Task prompt = Although the data holds pictures, return only the lines from the one containing "He went for" to the end, exactly, and without them.

===== Material shown =====

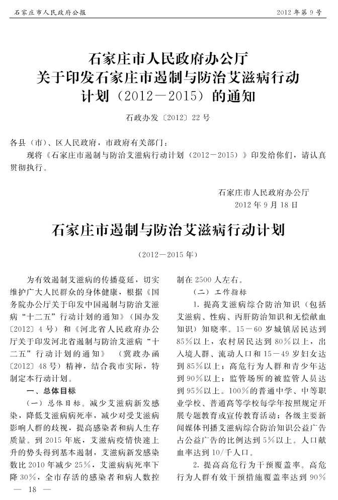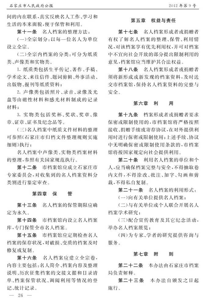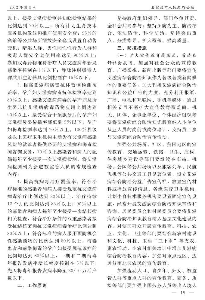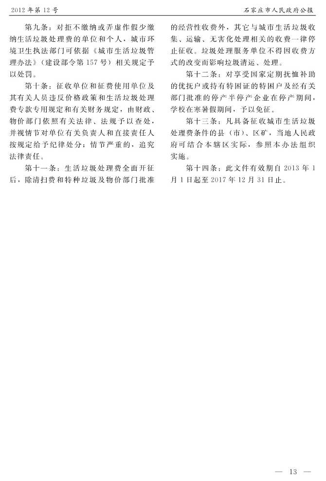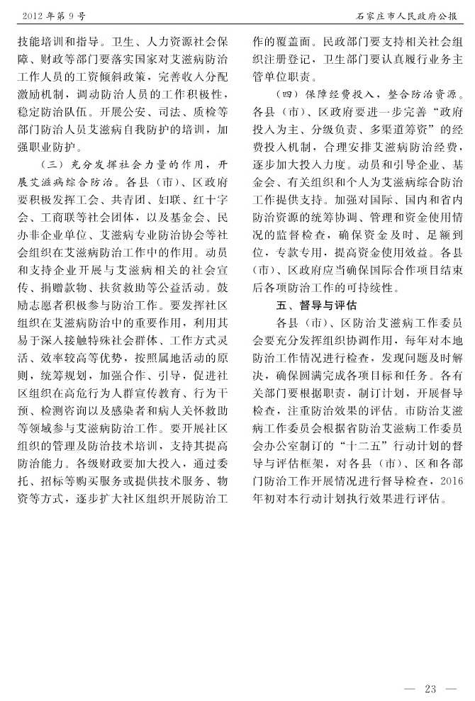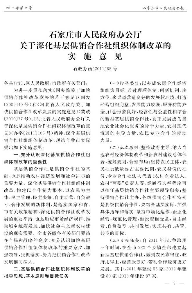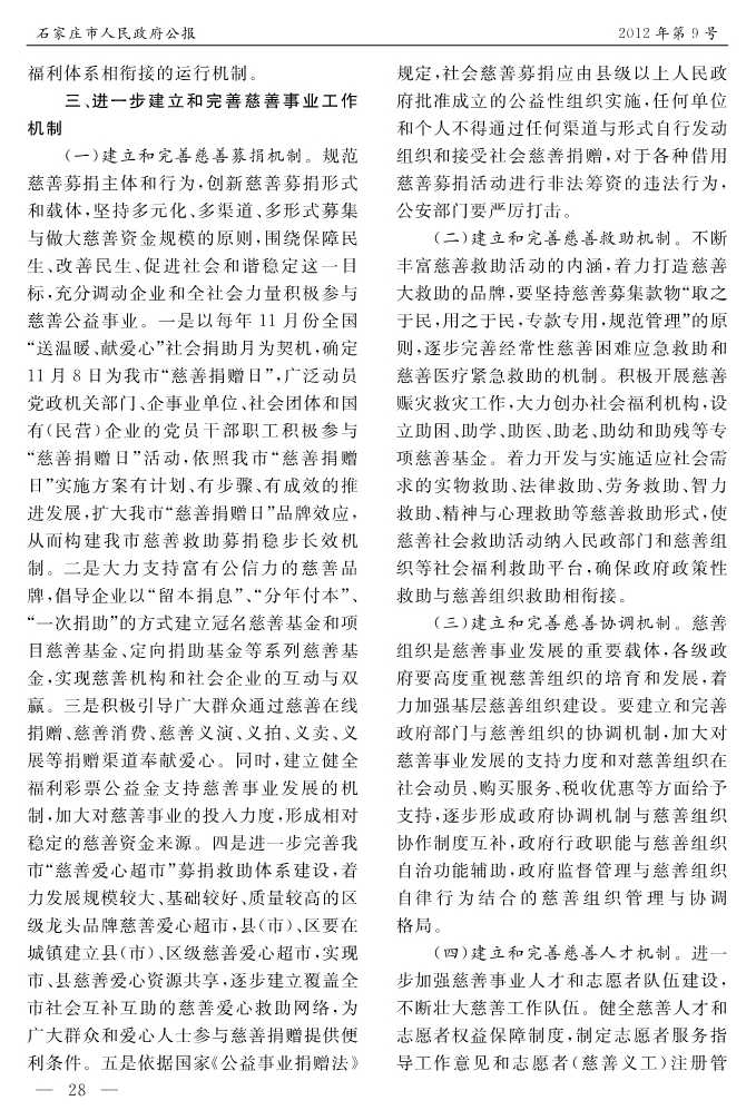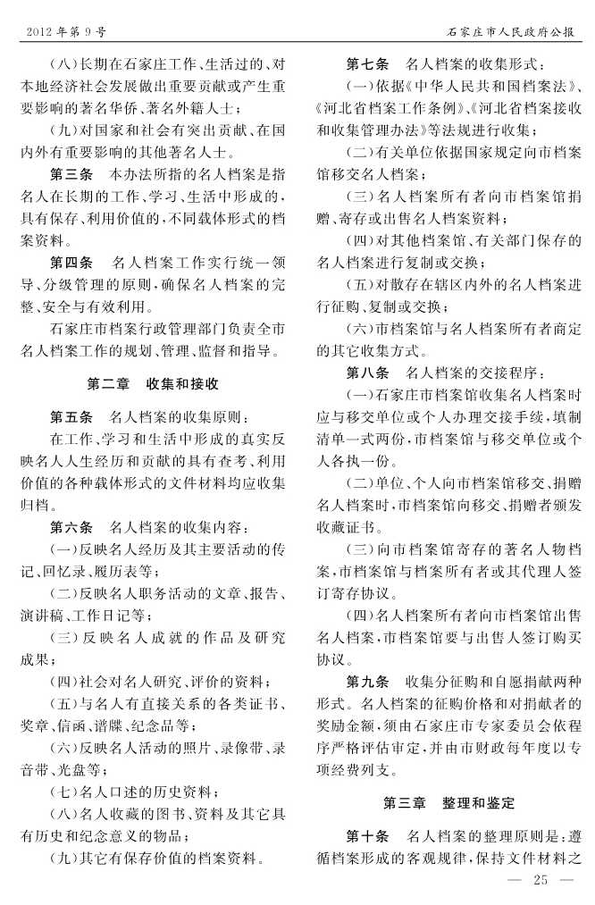 石家莊市人民政府公報2012年第9號
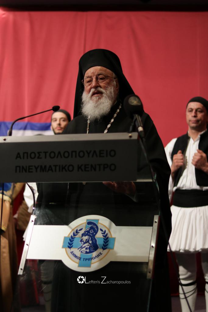 Τό Σάββατο ἑσπέρας τῆς 17ης Μαρτίου 2018 στό Ἀποστολοπούλειο Πνευματικό Κέντρο τοῦ Δήμου Τριπόλεως ἡ Ἱερά Μητρόπολις Μαντινείας καί Κυνουρίας καί τό Λύκειο Ἑλληνίδων Τριπόλεως συνδιοργάνωσαν ἐκδήλωση γιά τόν ἑορτασμό τῆς ἐπετείου τῆς Ἐπαναστάσεως τῆς 25ης Μαρτίου τοῦ 1821, μέ τίτλο: «Ἡ Ἐκκλησία καί τό θαῦμα τοῦ 1821».
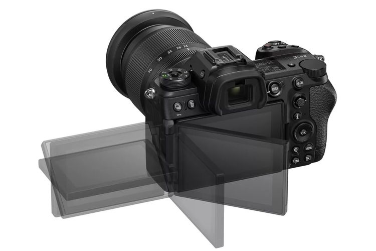 Nikon Bagian belakang Nikon Z6 III dengan touchscreen fully articulatedUntuk media penyimpanan,Nikon Z6 III menyediakan satu slot kartu memori CFExpress yang bisa digunakan untuk burst shot berkecepatan tinggi serta video N-RAW,berikut satu slot SD UHS-II.
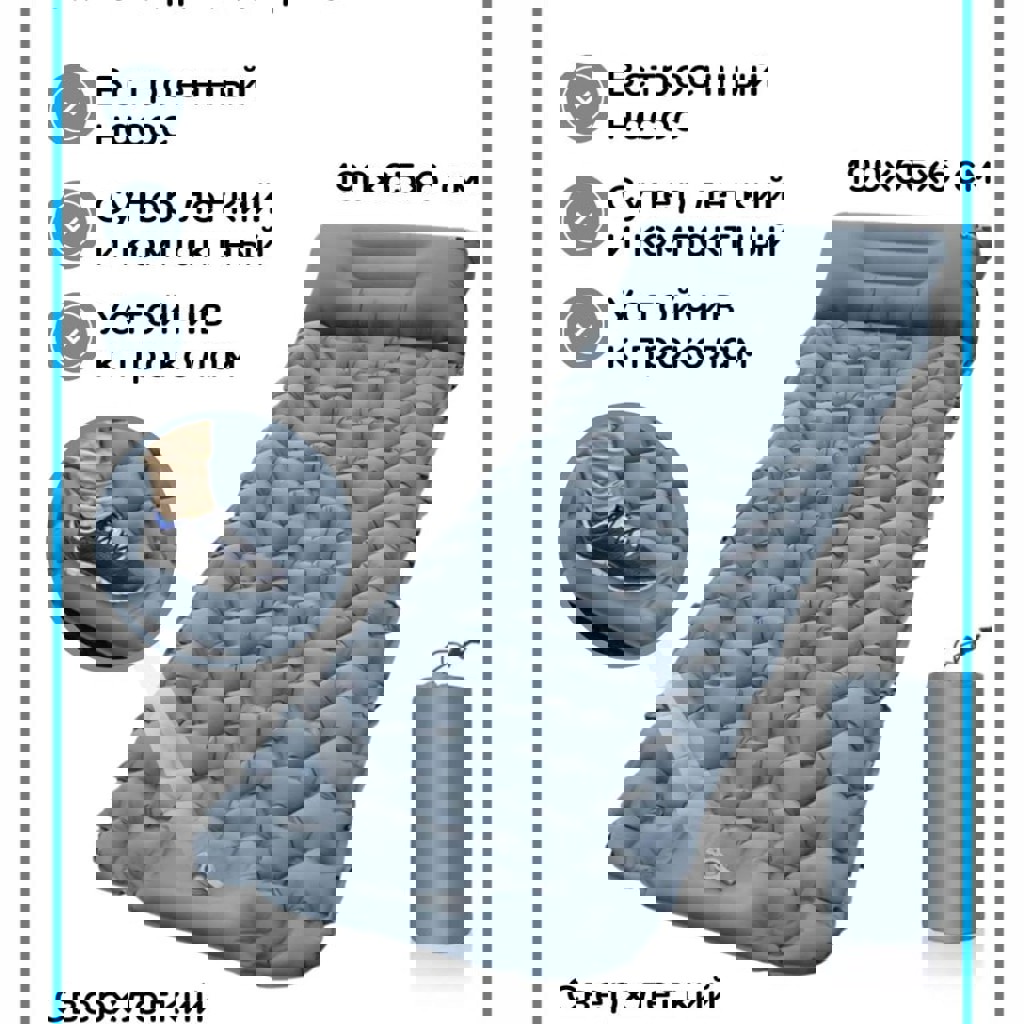 Надувной (самонадувающийся механический, встроенным насосом) коврик-матрас 2 шт. (цвет оранжевый и серый) в отличном состоянии (без дефектов, 1 раз пользовались). Размер-длина 198 см, ширина - 95 см, высота 9 см.
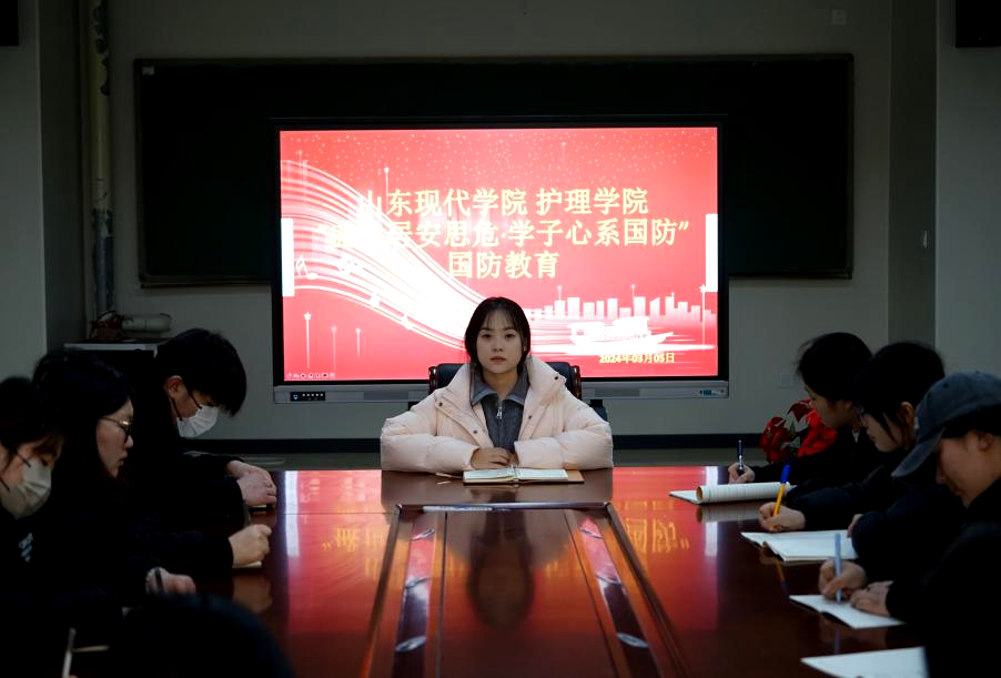 为进一步深化大学生对加强和改进新时代全民国防教育工作的认识,培养学生的爱国主义精神,强化青少年国防观念,由共青团山东现代学院委员会主办,护理学院团总支承办的“踔厉奋发强国防·勇毅前行向复兴”主题活动于2024年3月10日在博学楼309举办。
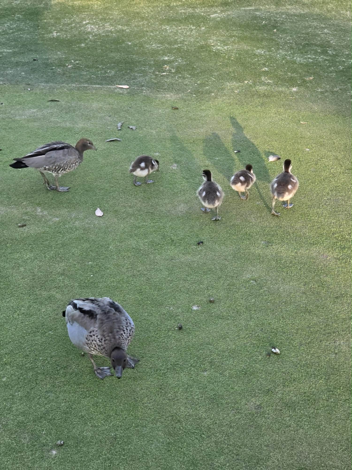 He went for a round of golf. I went to bed for an hour. On his perambulations he caught up with the duck family, ducklings nor firmly teenagers. There were also some rabbits. I know they’re a terrible pest, especially at a golf course, but CUTE!
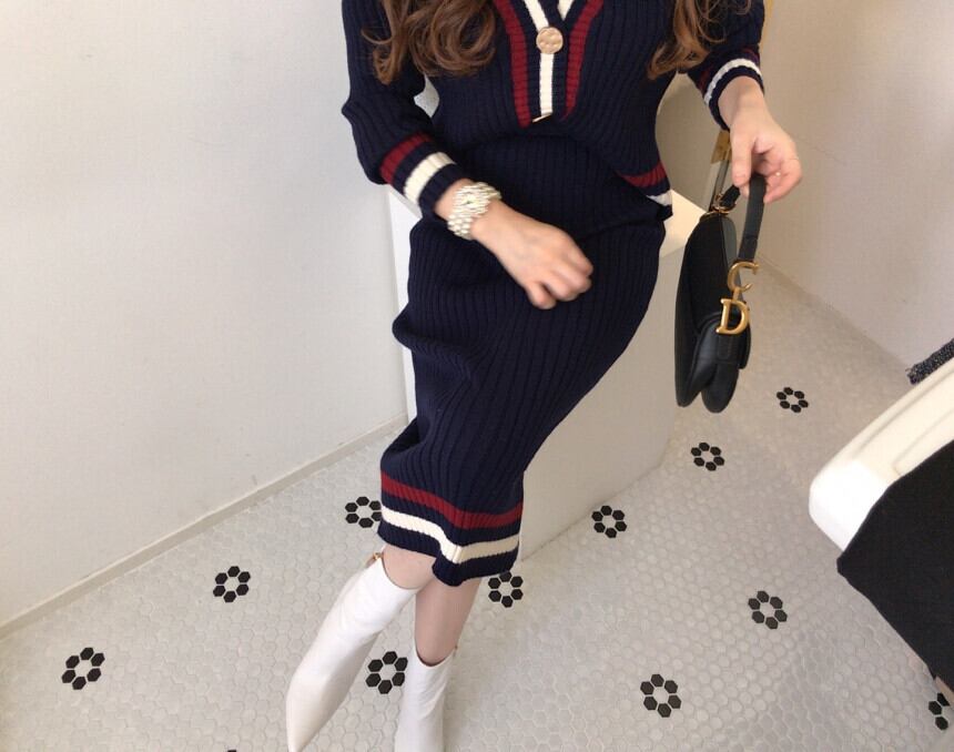 コントラストカラーのラインをリンクさせたカーディガンとタイトスカートのセットアップ。
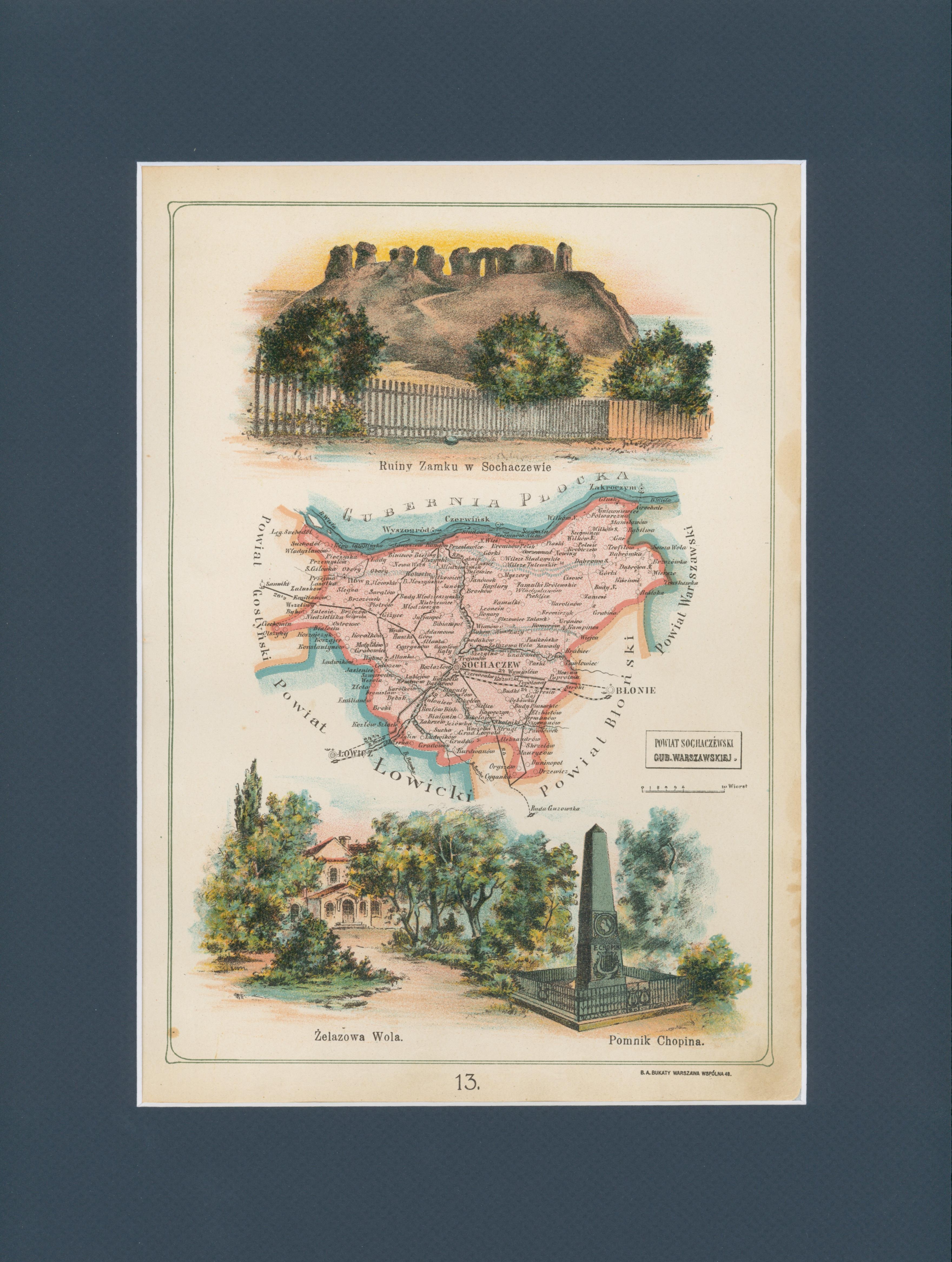dodatkowe informacje Litografia z Atlasu geograficznego ilustrowanego Królestwa Polskiego. Przedstawia mapę Królestwa Polskiego z podziałem na gubernie i powiaty. Wydanie: Warszawa 1907, wyd. J. M. Bazewicz [lit. B. A. Bukaty].
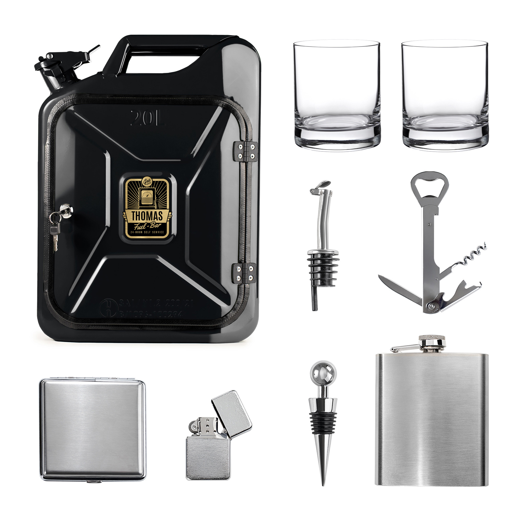 Stylisch, praktisch, absolut einzigartig: Die Kanister Minibar in Schwarz mit Gravur ist mehr als nur ein witziges Geschenk – sie ist ein echtes Statement für Genießer. Das elegante Design in Schwarz passt perfekt zu jedem Einrichtungsstil und macht die Bar zum Hingucker auf jeder Feier. Ob als Geschenk für Männer, Outdoorfreunde oder Heimwerker mit Stil – mit dieser Minibar zeigst Du echten Geschmack.

=====

Response area =
 He went for a round of golf. I went to bed for an hour. On his perambulations he caught up with the duck family, ducklings nor firmly teenagers. There were also some rabbits. I know they’re a terrible pest, especially at a golf course, but CUTE!
 コントラストカラーのラインをリンクさせたカーディガンとタイトスカートのセットアップ。
dodatkowe informacje Litografia z Atlasu geograficznego ilustrowanego Królestwa Polskiego. Przedstawia mapę Królestwa Polskiego z podziałem na gubernie i powiaty. Wydanie: Warszawa 1907, wyd. J. M. Bazewicz [lit. B. A. Bukaty].
 Stylisch, praktisch, absolut einzigartig: Die Kanister Minibar in Schwarz mit Gravur ist mehr als nur ein witziges Geschenk – sie ist ein echtes Statement für Genießer. Das elegante Design in Schwarz passt perfekt zu jedem Einrichtungsstil und macht die Bar zum Hingucker auf jeder Feier. Ob als Geschenk für Männer, Outdoorfreunde oder Heimwerker mit Stil – mit dieser Minibar zeigst Du echten Geschmack.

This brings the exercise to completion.